WHAT IS NEEDED: Skip any image you find and restate the rest of the data word for word.

SOURCE MATERIAL:
· · · · ·

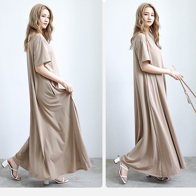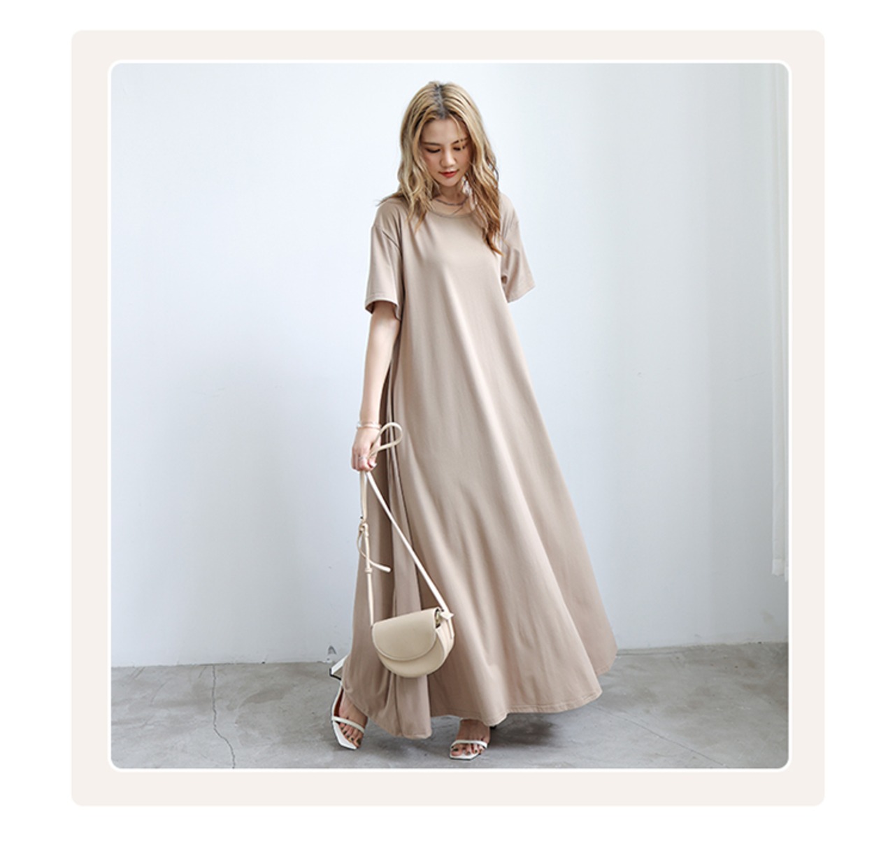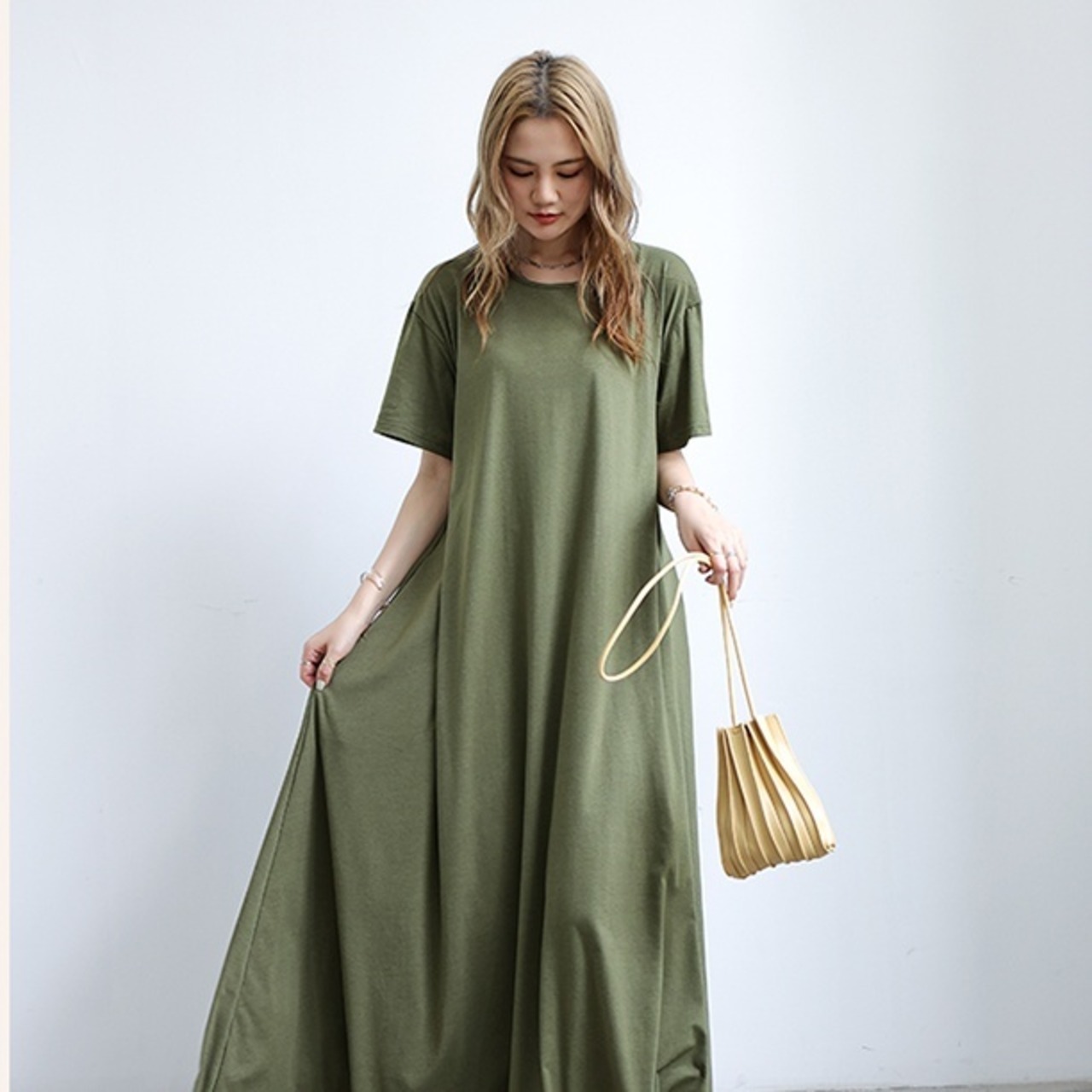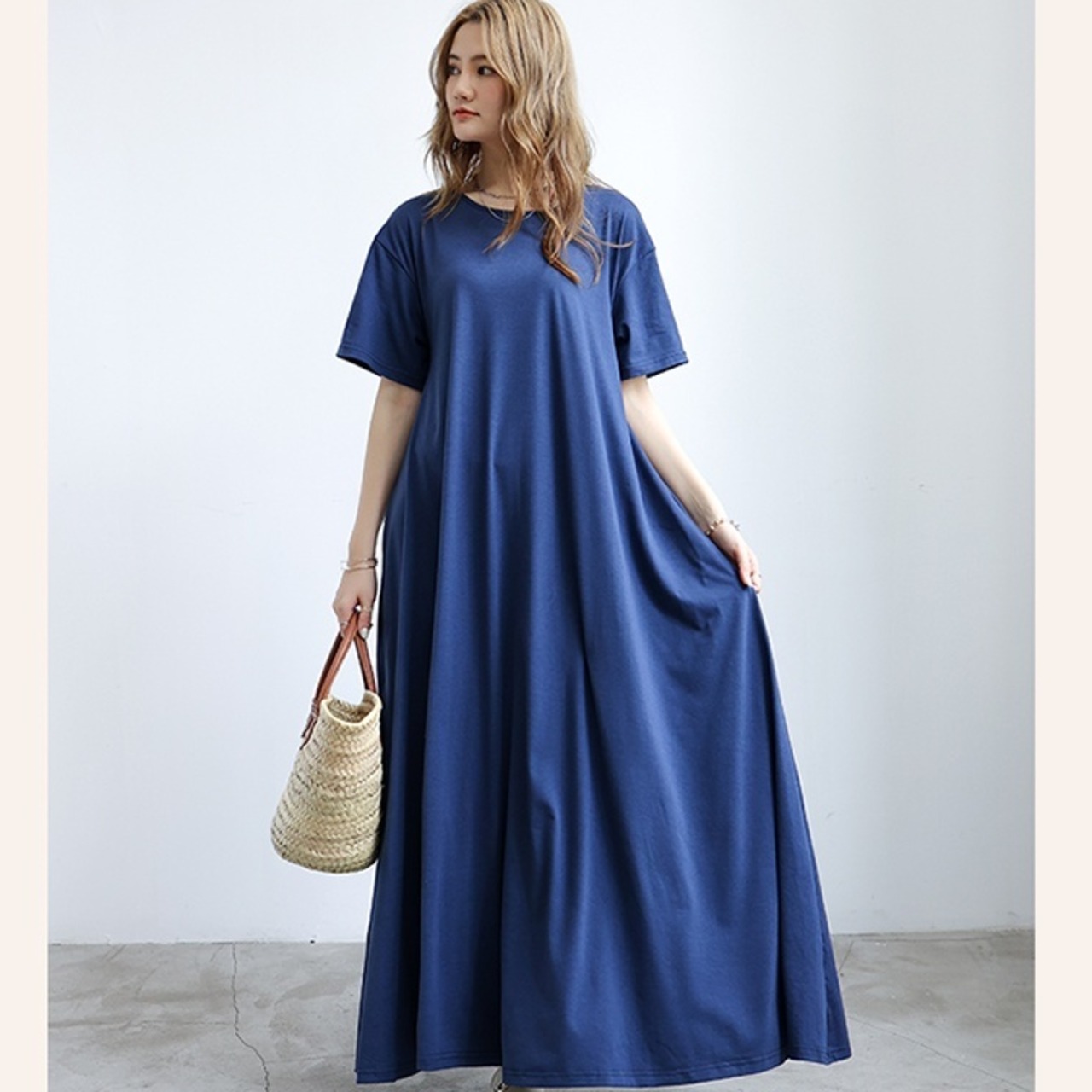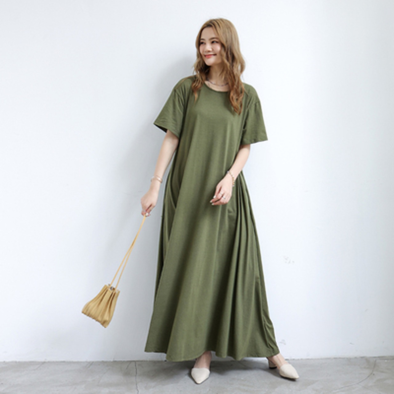 ワンピース Tシャツ フレアワンピース ワンピドレス ロング丈 袖あり 半袖 ラウンドネック 襟なし Aライン ふんわり 綿 かわいい 大人可愛い きれいめ シンプル カジュアル 大人 上品 おしゃれ かっこいい レトロ こなれ感 ラフ メンズライク ボーイッシュ 個性的 存在感 無地 春 夏 秋 冬 オールシーズン 10代 20代 30代 40代 50代 60代 レディース 通勤 学生 お出かけ お泊まり 休日 運動 ジム イベント リゾート 旅行 海 着回し 普段使い 韓国 体系カバー インスタ映え
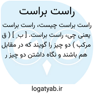 راست براست. [ ب ِ ] ( ق مرکب ) دو چیز را گویند که در مقابل هم باشند و نگاه داشتن دو چیز را روبرو و مقابل یکدیگر نیز گفته اند.( از لغت محلی شوشتر خطی متعلق بکتابخانه مؤلف ). || راه هموار و مسطح را نیز گویند و در لهجه شوشتر راس براس نیز گویند. ( از لغت محلی شوشتر ).
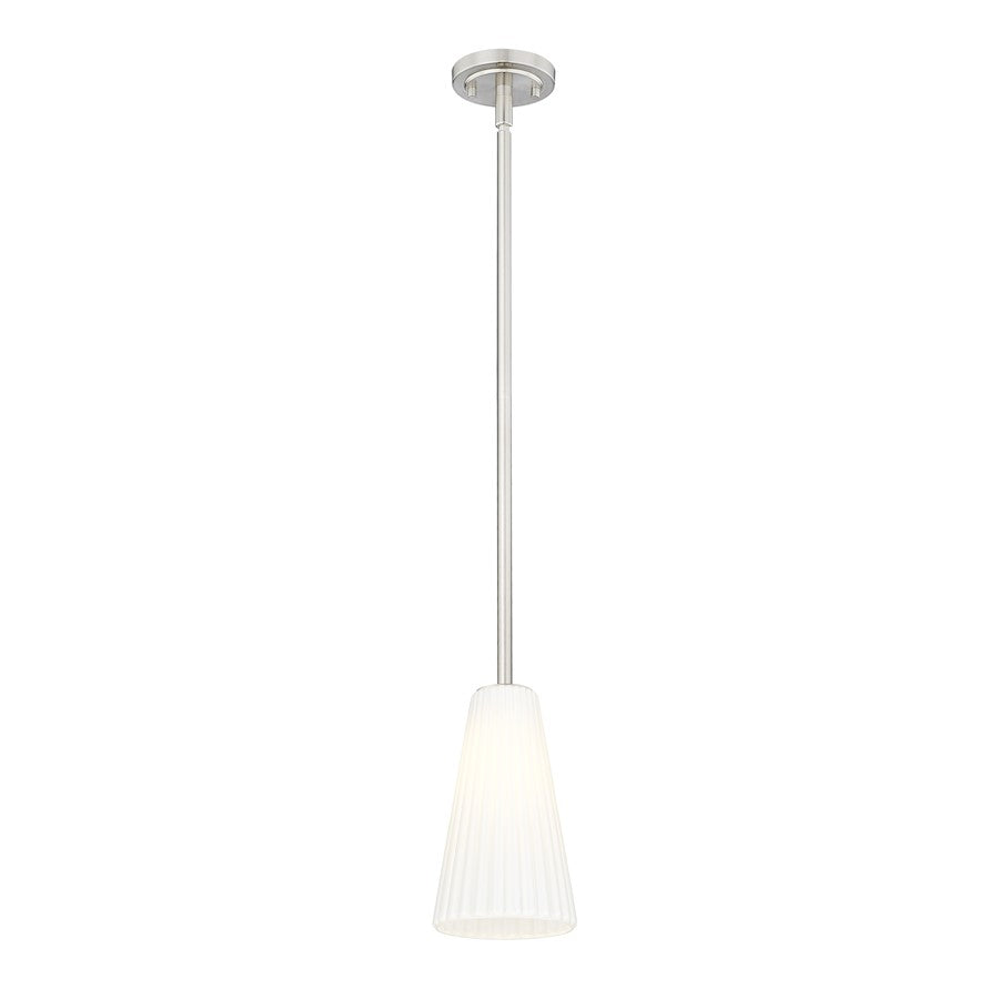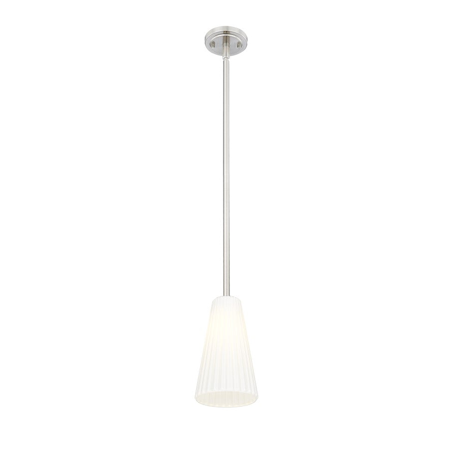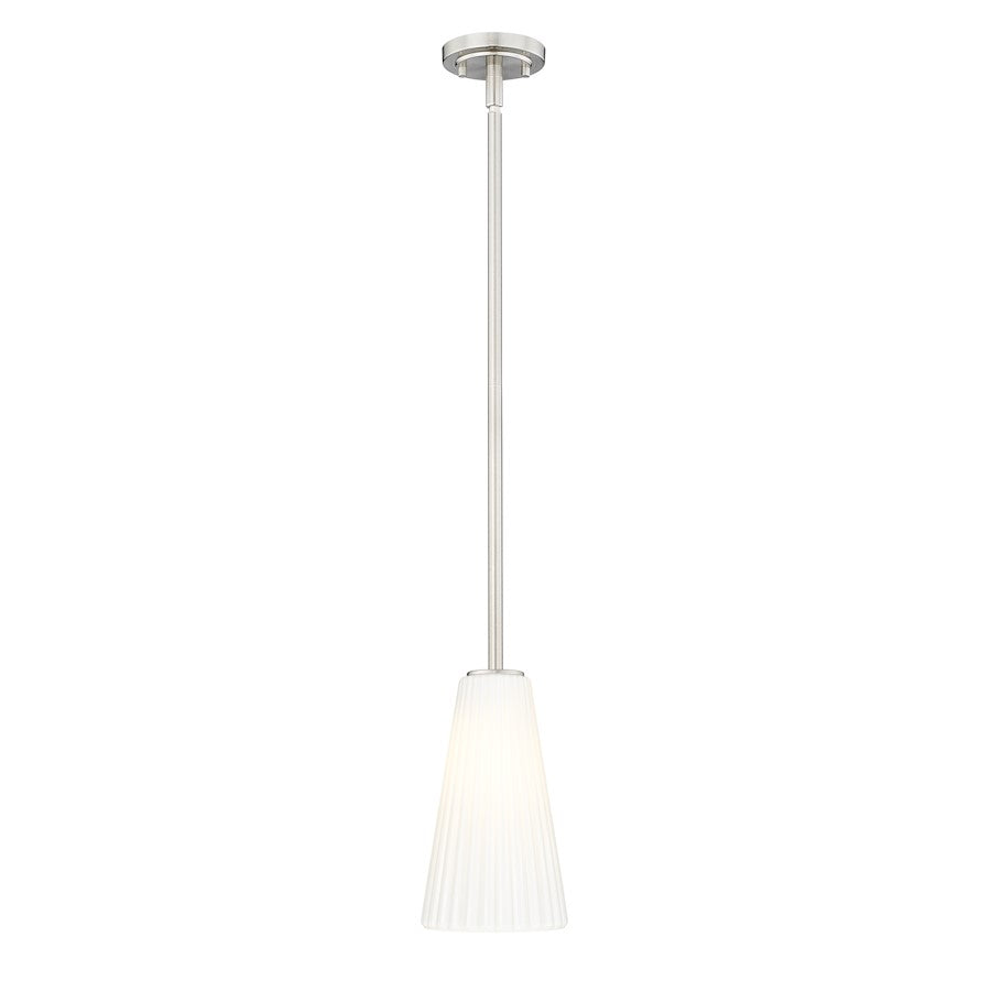 Radiant sophistication emanates from a modern one-light pendant. It pairs an elongated silhouette with a smooth, refined brushed nickel finish, capped with a delicately fluted white glass shade. Timeless and refined, this pendant delivers fresh style to your living space or bedroom, instantly elevating the surrounding decor.

· · · · ·

TASK SOLUTION:
 ワンピース Tシャツ フレアワンピース ワンピドレス ロング丈 袖あり 半袖 ラウンドネック 襟なし Aライン ふんわり 綿 かわいい 大人可愛い きれいめ シンプル カジュアル 大人 上品 おしゃれ かっこいい レトロ こなれ感 ラフ メンズライク ボーイッシュ 個性的 存在感 無地 春 夏 秋 冬 オールシーズン 10代 20代 30代 40代 50代 60代 レディース 通勤 学生 お出かけ お泊まり 休日 運動 ジム イベント リゾート 旅行 海 着回し 普段使い 韓国 体系カバー インスタ映え
 راست براست. [ ب ِ ] ( ق مرکب ) دو چیز را گویند که در مقابل هم باشند و نگاه داشتن دو چیز را روبرو و مقابل یکدیگر نیز گفته اند.( از لغت محلی شوشتر خطی متعلق بکتابخانه مؤلف ). || راه هموار و مسطح را نیز گویند و در لهجه شوشتر راس براس نیز گویند. ( از لغت محلی شوشتر ).
 Radiant sophistication emanates from a modern one-light pendant. It pairs an elongated silhouette with a smooth, refined brushed nickel finish, capped with a delicately fluted white glass shade. Timeless and refined, this pendant delivers fresh style to your living space or bedroom, instantly elevating the surrounding decor.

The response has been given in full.